JayJay - Thank you, will let you know how i get on   i got a little like that, but i think once you have got into doing the injections, its makes you feel as if every day is a step closer! xxxx

 to all xx


----------



## Womb For improvement (Feb 20, 2011)

Hi All

Just had my scan. It is looking really positive and there has been a growth spurt since my scan on Wednesday (I have been taking Menopur and on Wednesday I injected a growth hormone as well). 

So the numbers:

The left ovary has a magnificent 13 follicles with 5 around the 20/ 21mm mark.

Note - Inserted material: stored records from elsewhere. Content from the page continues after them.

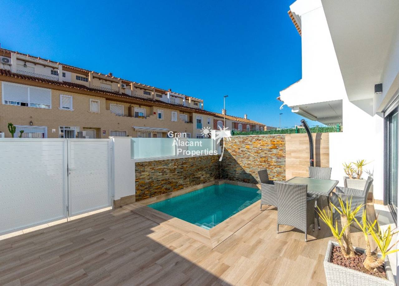 The exteriors of these townhouses are designed to maximize enjoyment of the Mediterranean climate. Each property features a private garden, perfect for creating a personal oasis of relaxation or for enjoying outdoor activities with the family. The terrace is another standout space, ideal for outdoor dining or simply enjoying the views and surroundings. Additionally, each townhouse includes a solarium, providing additional space for sunbathing in privacy. The inclusion of a private pool in each home adds a touch of luxury, allowing for refreshing dips on the hottest days without leaving home.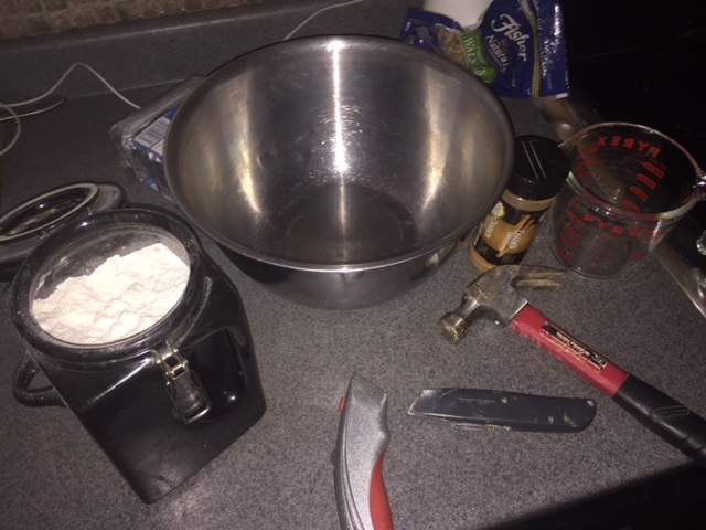Ya have to start off the the right tools. When I’m baking, ya never know what will break so I keep tools handy. Not that I know how to use them any better than a spatula but…they are good to have close at hand. The linoleum knife came in handy for opening the bag of walnuts.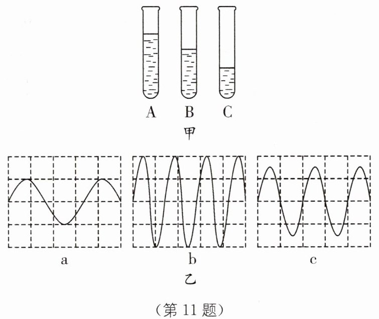 11 教材P22活动T2·拓展 向如图甲所示的试管中吹气,其中______试管发出声音的音调最高.如图乙所示的波形图中,音调和响度最低的是图______,响度最高的是图______.(填字母).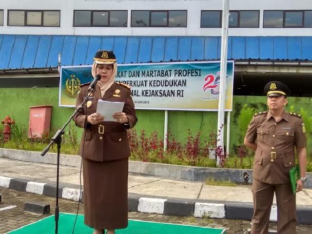 Harapan itu disampaikan Wakil Kejaksaan Tinggi (Wakajati) Riau, Mia Amiati, membacakan amanat Jaksa Agung, dalam upacara peringatan hari ulang tahun (HUT) ke-25 Persatuan Jaksa Indonesia, Jumat (29/6/2018). Pelaksanaan upacara digelar di lapangan kantor sementara Kejati Riau, di Jalan Arifin Ahmad Pekanbaru.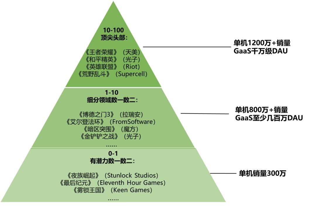從正面去看,它又成金字塔狀。最底層,是那些有潛力的初創團隊;中間則是在細分領域裏,做到了數一數二的團隊;再往上走,是處於行業頭部的頂尖工作室。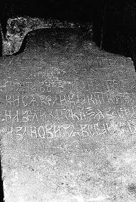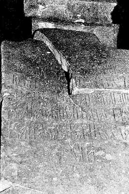 Рис. 2.17. Гробница якобы Софьи Витовтовны, жены Василия II Темного. Якобы XV век. Крышка гробницы с грубо процарапанной надписью «Со(фита)(ятъ) инока», то есть «Софе инока», или «София инокиня»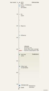 Delphi-2M is an AI model trained on over 400,000 patient histories from a UK database to forecast an individual’s 20-year disease trajectory. Similar to chatbots like ChatGPT, Delphi-2M is a large language model (LLM), a type of AI that can recognize and reproduce patterns from large amounts of data. Similar to how chatbots pick up on what words are likely to appear with other words in order to form sentences, Delphi-2M learns from its vast training set of medical records to predict a patient’s disease trajectory from realworld patterns. As Yonghui Wu puts it in her summary of Shmatko et al.’s work, it’s just how becoming a smoker may be followed by a future diagnosis of lung cancer—these are patterns Delphi-2M recognize. To do this, Delphi-2M is fed “tokens” that link diseases or health factors to specific times in a person’s life, like chickenpox at age 2 or smoking at age 41 (Figure 1). Then, Delphi-2M outputs new tokens that predict what diseases and when they will occur in an individual’s life, like the onset of respiratory disorders at age 71 as a result of smoking. Delphi-2M, after being trained, was tested by predicting the medical histories of 1.9 million patients not included in the original training set. Shmatko et al. demonstrate this AI to have great success in accurately predicting disease trajectory, as it partially predicts patterns in individuals’ diagnoses in 97% of cases.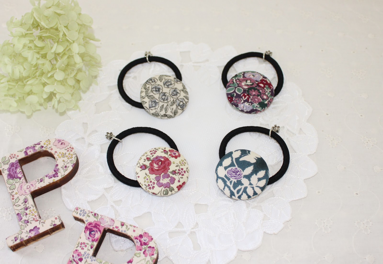クルミボタンのヘアゴム 各¥600 左上:Sleeping Rose 右上:Tatum 左下:Felicite*SOLD* 右下:Yoshie*SOLD* |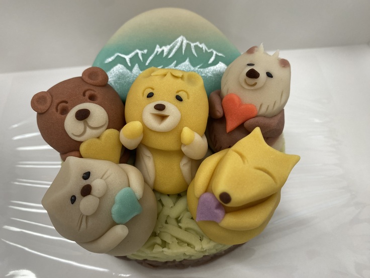 立山をバックグラウンドに、かわいい動物がいくつも並んでいます。とても微笑ましいですね!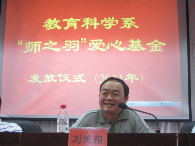 5月19日下午,我院教育科学系“师之羽”爱心基金发放仪式在东方红科技楼演播厅隆重举行。院领导肖湘愚、刘鸿翔以及党委宣传部部长陈志武、学生工作处处长何文、团委书记任晓晴、教育科学系主任彭小虎、副书记袁向荣、副主任王建平等应邀出席了仪式。

The right ovary is only a fraction behind with 11 follicles and 4 strong contenders.

The Doctor said that my egg collection - that had been tentatively scheduled for Monday might be bought forward to Sunday. Which is exciting.

Ang, Sorry to hear you've been feeling teary and irritable, but can totally understand I really got the rage yesterday, which is rare. Just keep tellign yourself it is the drugs (and I hope the Menopur on Tues doesn't exacerbate it). And glad you liked my blog.

Jay jay, you are just a week behind - very exciting. I agree the injections are good, because at last you are doing something positive.

Winsome, How did it go for you?

Liz


----------



## Jayjay71 (Jan 18, 2011)

Hi all

Liz - Brilliant, fantastic news I'm glad that your doing well.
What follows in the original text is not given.